Best way to extract an item from a set of len 1

1 view
Skip to first unread message

Tim Chase

unread,
Jan 25, 2006, 9:48:38 AM1/25/06
to pytho...@python.org
When you have a set, known to be of length one, is there a "best"
("most pythonic") way to retrieve that one item?

# given that I've got Python2.3.[45] on hand,
# hack the following two lines to get a "set" object
>>> import sets
>>> set = sets.Set

>>> s = set(['test'])
>>> len(s)
1
>>> s[0]
Traceback (most recent call last):
File "<stdin>", line 1, in ?
TypeError: unindexable object

(which is kinda expected, given that it's unordered...an index
doesn't make much sense)

To get the item, i had to resort to methods that feel less than
the elegance I've come to expect from python:

>>> item = [x for x in s][0]

or the more convoluted two-step

>>> item = s.pop()
>>> s.add(item)

or even worse, intruding into private members

>>> item = s._data.keys()[0]

Is any of these more "pythonic" than the others? Is there a more
elegant 2.3.x solution? If one upgrades to 2.4+, is there
something even more elegant? I suppose I was looking for
something like

>>> item = s.aslist()[0]

which feels a little more pythonic (IMHO). Is one solution
preferred for speed over others (as this is happening in a fairly
deeply nested loop)?

Any tips, preferences, input, suggestions, pointers to obvious
things I've missed, or the like?

Thanks,

-tkc

Fredrik Lundh

unread,
Jan 25, 2006, 10:05:31 AM1/25/06
to pytho...@python.org
Tim Chase wrote:

> I suppose I was looking for something like
>
> >>> item = s.aslist()[0]
>
> which feels a little more pythonic (IMHO). Is one solution
> preferred for speed over others (as this is happening in a fairly
> deeply nested loop)?

the obvious solution is

item = list(s)[0]

but that seems to be nearly twice as slow as [x for x in s][0]
under 2.4. hmm.

here's a faster variant:

item = iter(s).next()

but at least on my machine, your two-step solution

item = s.pop(); s.add(item)

seems to be even faster.

</F>

Peter Otten

unread,
Jan 25, 2006, 10:09:17 AM1/25/06
to
Tim Chase wrote:

> When you have a set, known to be of length one, is there a "best"
> ("most pythonic") way to retrieve that one item?

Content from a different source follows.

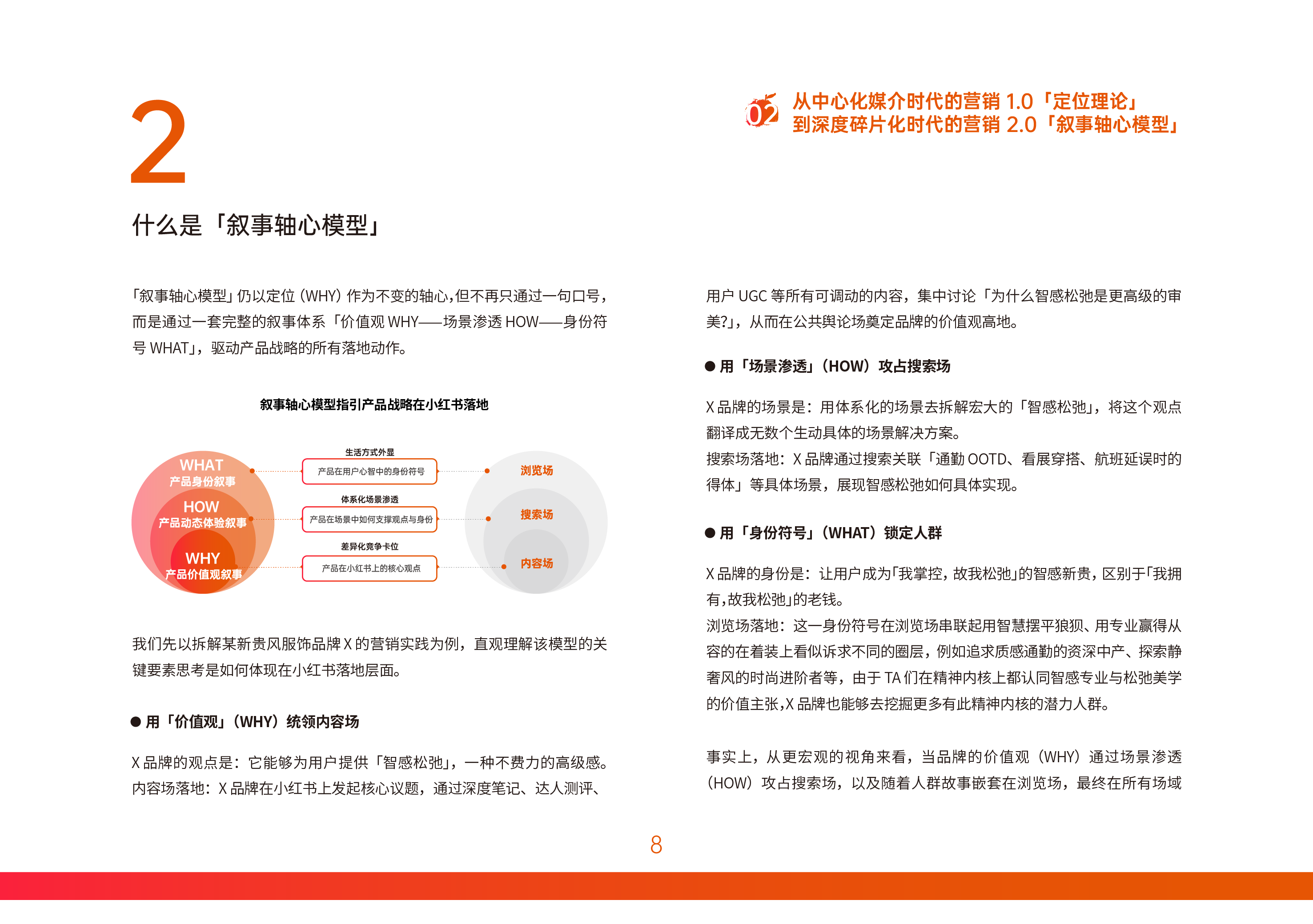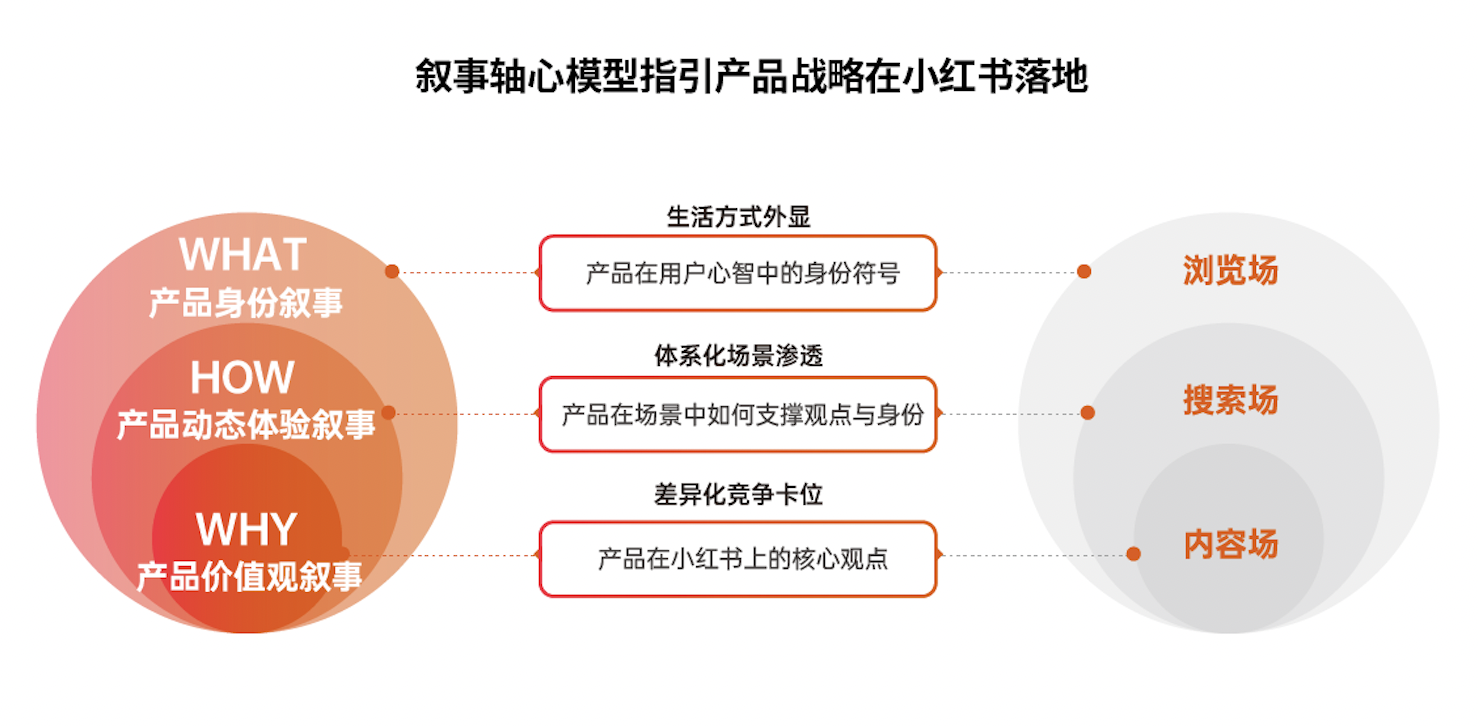 我们提出「叙事轴心」这一核心思考模型,即品牌需要通过构建一套完整的产品叙事体系「价值观(WHY)→场景渗透(HOW)→身份符号(WHAT)」,驱动产品战略在小红书平台的所有落地动作。
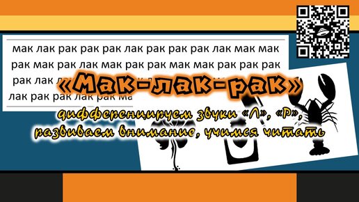 "Мак-лак-рак": дифференцируем звуки "Л", "Р", развиваем внимание, учимся читать

>>> s = set(["one-and-only"])
>>> item, = s
>>> item
'one-and-only'

This works for any iterable and guarantees that it contains exactly one
item. The comma may easily be missed, though.

Peter

Fuzzyman

unread,
Jan 25, 2006, 10:11:40 AM1/25/06
to
That's cute. :-)

Fuzzyman

Rene Pijlman

unread,
Jan 25, 2006, 10:13:35 AM1/25/06
to
Tim Chase:

>When you have a set, known to be of length one, is there a "best"
>("most pythonic") way to retrieve that one item?

e = s.copy().pop() #:-)

--
René Pijlman

Wat wil jij worden? http://www.carrieretijger.nl

Alex Martelli

unread,
Jan 25, 2006, 10:13:47 AM1/25/06
to
Tim Chase <pytho...@tim.thechases.com> wrote:
...

> To get the item, i had to resort to methods that feel less than
> the elegance I've come to expect from python:
>
> >>> item = [x for x in s][0]

A shorter, clearer expression of the same idea:

item = list(s)[0]

or

item = list(s).pop()

> or the more convoluted two-step
>
> >>> item = s.pop()
> >>> s.add(item)

which in turn suggests

item = set(s).pop()

Similar ideas include iter(s).next() and s.copy().pop().

Basically: s has no way to get the item non-destructively, so, either
make a copy (and use the destructive-get 'pop' on the copy) or build
from s a type which DOES have ways to get the item (iterator, list, etc)
be they destructive or not. As for speed, measuring is the only way,
and timeit is your friend. As for elegance, the most concise readable
form is "set(s).pop()" and that's what I would use.


Alex


Rene Pijlman

unread,
Jan 25, 2006, 10:21:42 AM1/25/06
to
Peter Otten:

>>>> s = set(["one-and-only"])
>>>> item, = s
>>>> item
>'one-and-only'
>
>This works for any iterable and guarantees that it contains exactly one
>item.

Nice!

>The comma may easily be missed, though.

You could write:

(item,) = s

But I'm not sure if this introduces additional overhead.

Alex Martelli

unread,
Jan 25, 2006, 10:35:35 AM1/25/06
to
Fredrik Lundh <fre...@pythonware.com> wrote:
...

> the obvious solution is
>
> item = list(s)[0]
>
> but that seems to be nearly twice as slow as [x for x in s][0]
> under 2.4. hmm.

Funny, and true on my laptop too:

helen:~ alex$ python -mtimeit -s's=set([23])' 'x=list(s)[0]'
100000 loops, best of 3: 2.55 usec per loop
helen:~ alex$ python -mtimeit -s's=set([23])' 'x=[x for x in s][0]'
100000 loops, best of 3: 1.48 usec per loop
helen:~ alex$ python -mtimeit -s's=set([23])' '[x for x in s]'
1000000 loops, best of 3: 1.36 usec per loop

Exploiting the design defect whereby a LC leaves variables bound can
shave another few percents off it, as shown.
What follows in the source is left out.